● Data provided:

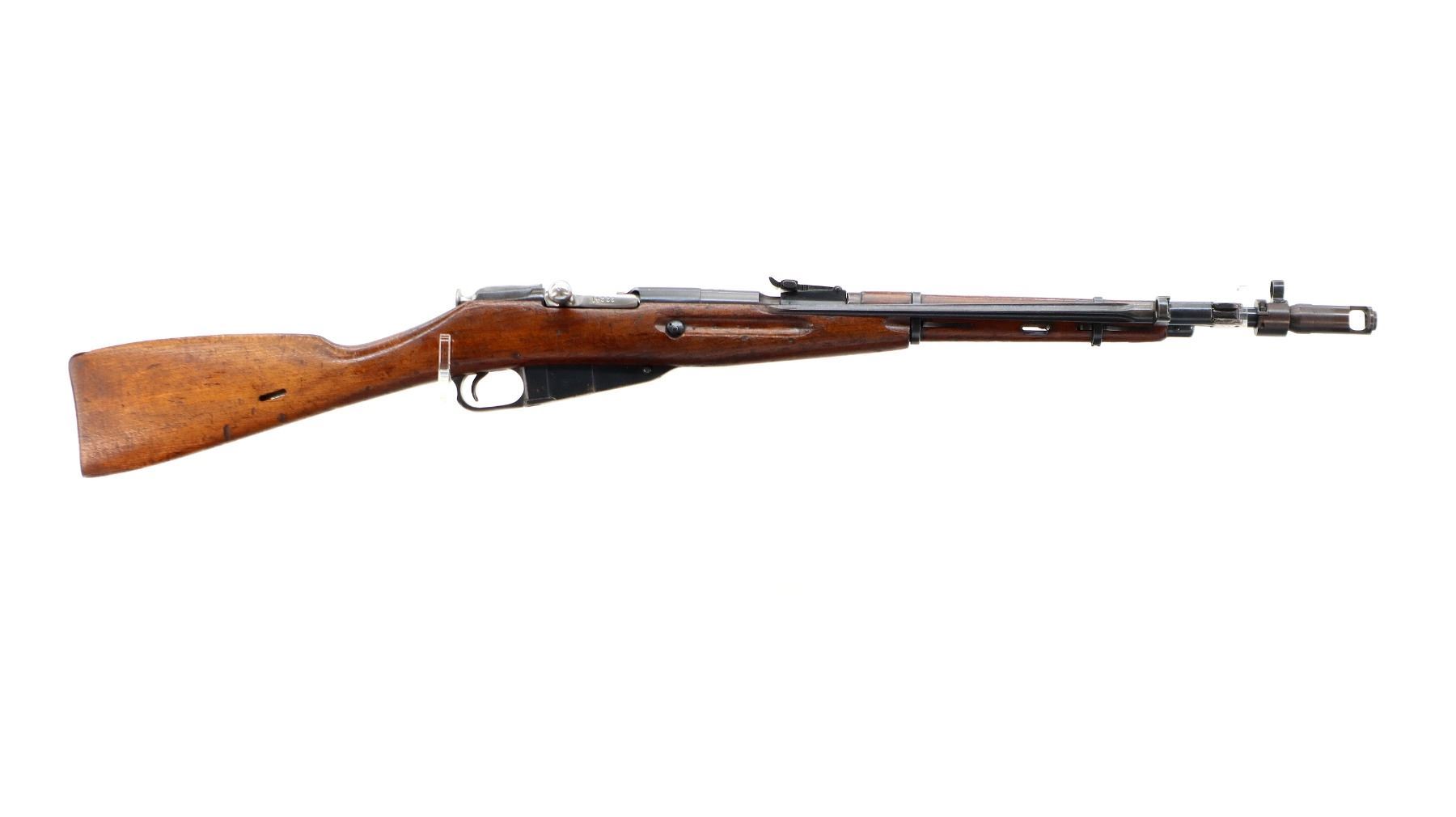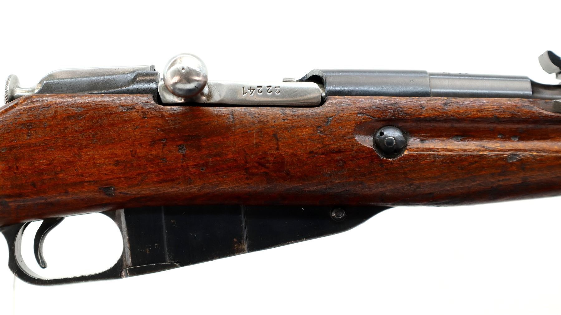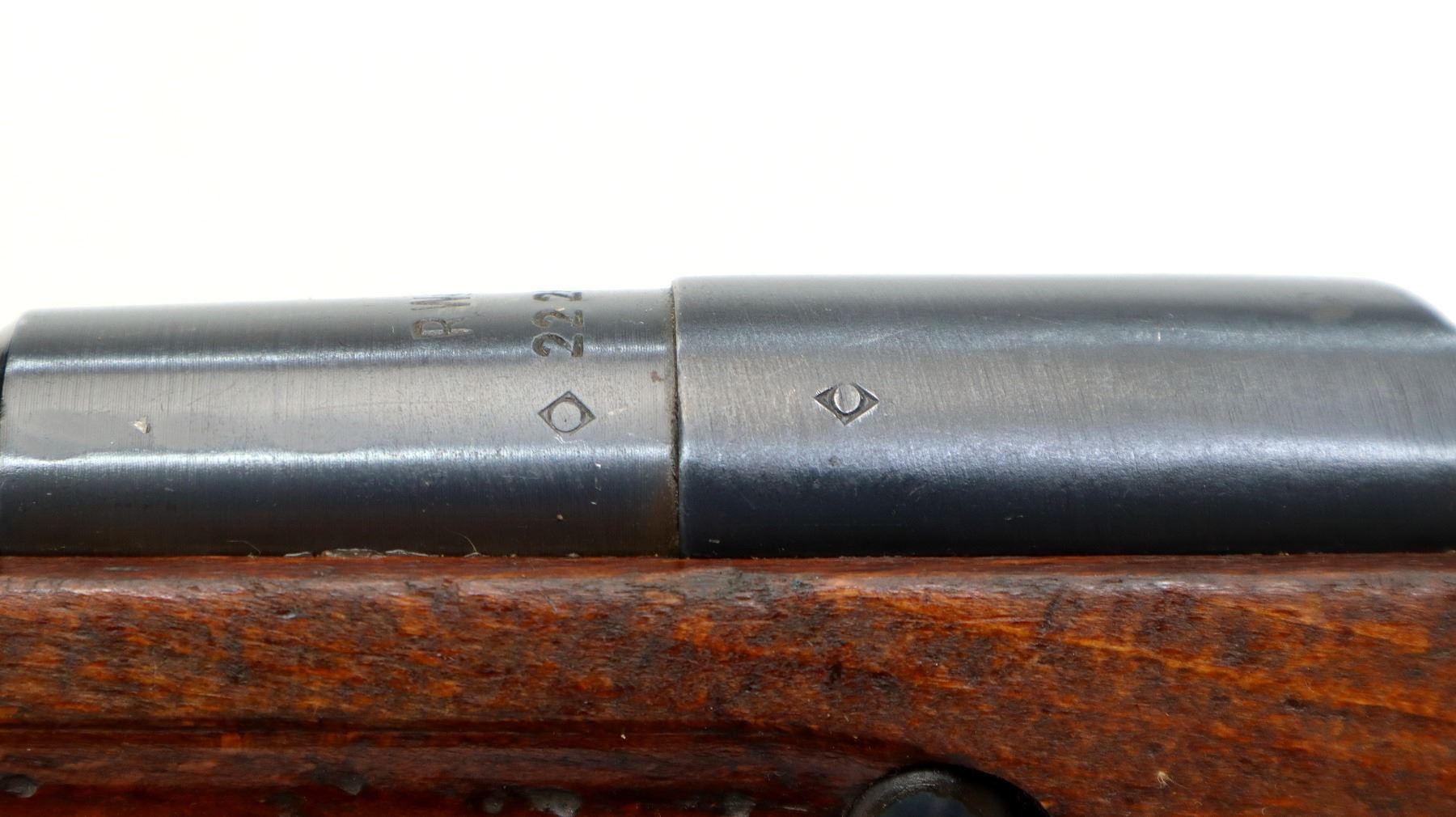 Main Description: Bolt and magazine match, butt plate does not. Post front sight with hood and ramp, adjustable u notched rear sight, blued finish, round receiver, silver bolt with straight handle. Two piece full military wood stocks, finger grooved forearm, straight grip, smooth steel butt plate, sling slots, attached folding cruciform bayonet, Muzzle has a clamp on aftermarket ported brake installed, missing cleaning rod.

---

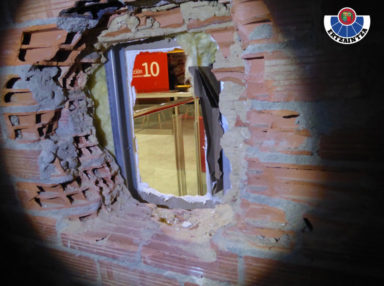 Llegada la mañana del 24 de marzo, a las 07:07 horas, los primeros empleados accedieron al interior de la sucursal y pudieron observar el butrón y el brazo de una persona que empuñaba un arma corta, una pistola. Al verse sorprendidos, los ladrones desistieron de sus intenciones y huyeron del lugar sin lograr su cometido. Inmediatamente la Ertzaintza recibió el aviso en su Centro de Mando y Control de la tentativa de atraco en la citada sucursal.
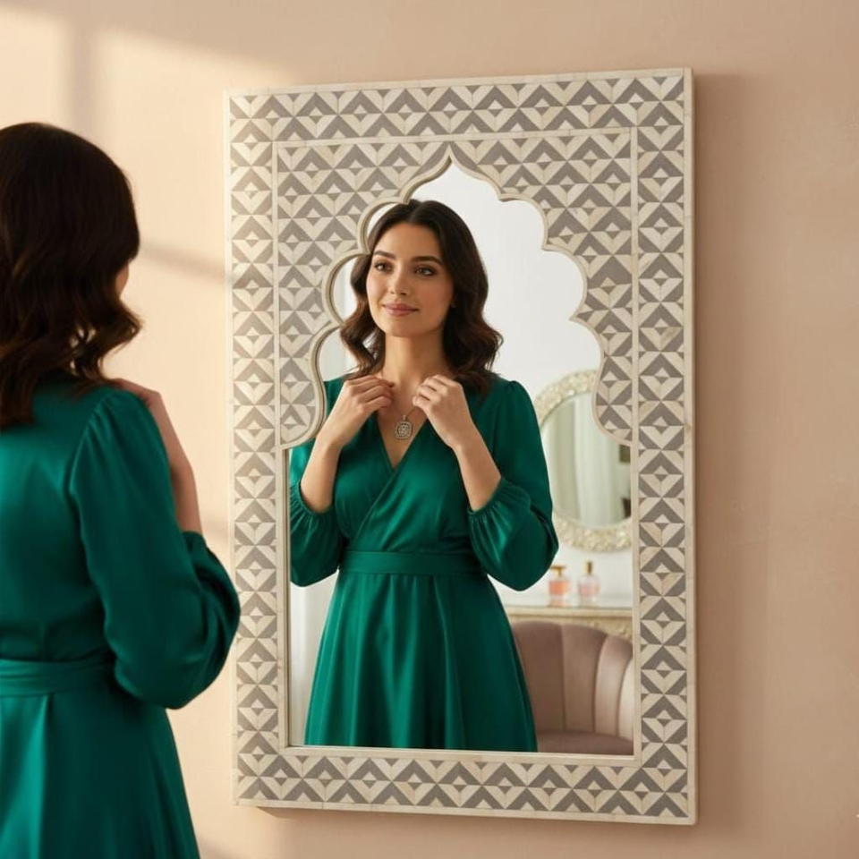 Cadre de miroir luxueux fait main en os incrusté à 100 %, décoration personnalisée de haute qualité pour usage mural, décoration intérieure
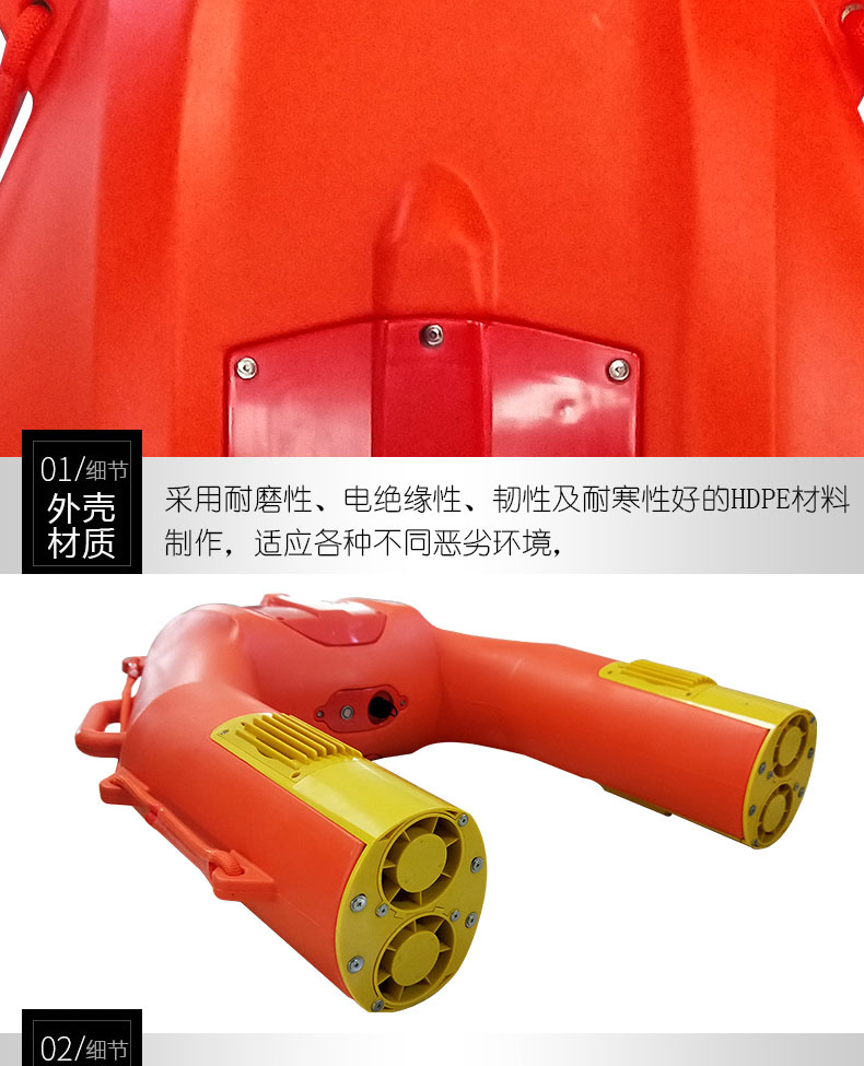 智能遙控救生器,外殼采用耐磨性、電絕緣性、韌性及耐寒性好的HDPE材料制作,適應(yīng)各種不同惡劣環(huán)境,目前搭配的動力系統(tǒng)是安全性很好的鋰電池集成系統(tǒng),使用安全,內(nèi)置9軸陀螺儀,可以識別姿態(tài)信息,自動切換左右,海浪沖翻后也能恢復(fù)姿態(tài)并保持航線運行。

● Exercise requirements: Reproduce the lines above beginning at the line that contains "Llegada la mañana" and ending at the line that contains "智能遙控救生器,外殼采用耐磨". No pictures.

● Exercise answer:
 Llegada la mañana del 24 de marzo, a las 07:07 horas, los primeros empleados accedieron al interior de la sucursal y pudieron observar el butrón y el brazo de una persona que empuñaba un arma corta, una pistola. Al verse sorprendidos, los ladrones desistieron de sus intenciones y huyeron del lugar sin lograr su cometido. Inmediatamente la Ertzaintza recibió el aviso en su Centro de Mando y Control de la tentativa de atraco en la citada sucursal.
 Cadre de miroir luxueux fait main en os incrusté à 100 %, décoration personnalisée de haute qualité pour usage mural, décoration intérieure
 智能遙控救生器,外殼采用耐磨性、電絕緣性、韌性及耐寒性好的HDPE材料制作,適應(yīng)各種不同惡劣環(huán)境,目前搭配的動力系統(tǒng)是安全性很好的鋰電池集成系統(tǒng),使用安全,內(nèi)置9軸陀螺儀,可以識別姿態(tài)信息,自動切換左右,海浪沖翻后也能恢復(fù)姿態(tài)并保持航線運行。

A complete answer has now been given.